→ Recorded information
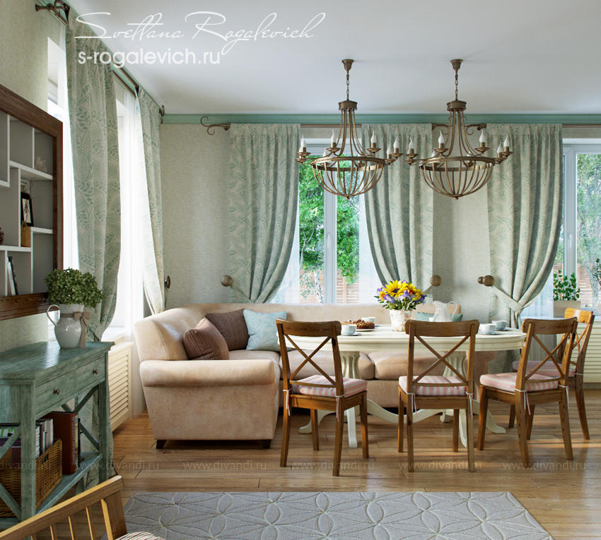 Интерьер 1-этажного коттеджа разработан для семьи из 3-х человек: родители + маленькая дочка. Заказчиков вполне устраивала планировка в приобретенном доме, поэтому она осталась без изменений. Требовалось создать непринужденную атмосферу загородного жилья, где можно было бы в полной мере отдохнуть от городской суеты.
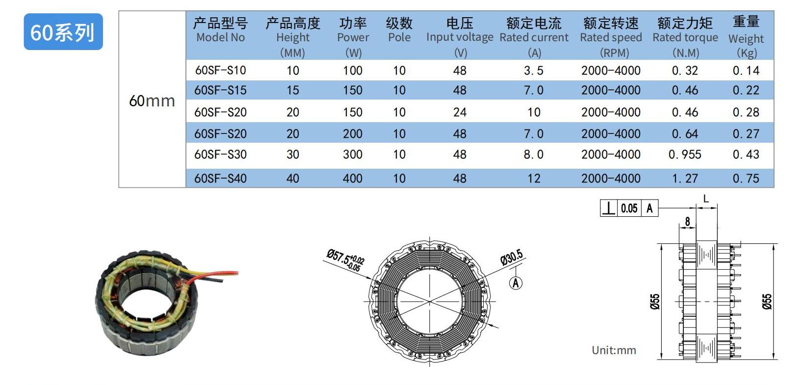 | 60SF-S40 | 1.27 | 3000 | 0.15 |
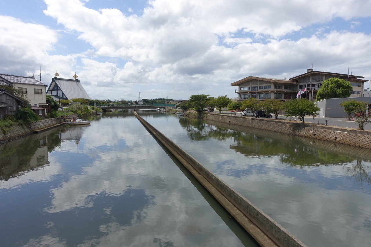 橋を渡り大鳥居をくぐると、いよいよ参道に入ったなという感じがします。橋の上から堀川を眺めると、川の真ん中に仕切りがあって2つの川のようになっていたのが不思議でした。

→ Task objective
Transcribe all of the listing precisely. The images stay out of it.

→ Result
 Интерьер 1-этажного коттеджа разработан для семьи из 3-х человек: родители + маленькая дочка. Заказчиков вполне устраивала планировка в приобретенном доме, поэтому она осталась без изменений. Требовалось создать непринужденную атмосферу загородного жилья, где можно было бы в полной мере отдохнуть от городской суеты.
 | 60SF-S40 | 1.27 | 3000 | 0.15 |
 橋を渡り大鳥居をくぐると、いよいよ参道に入ったなという感じがします。橋の上から堀川を眺めると、川の真ん中に仕切りがあって2つの川のようになっていたのが不思議でした。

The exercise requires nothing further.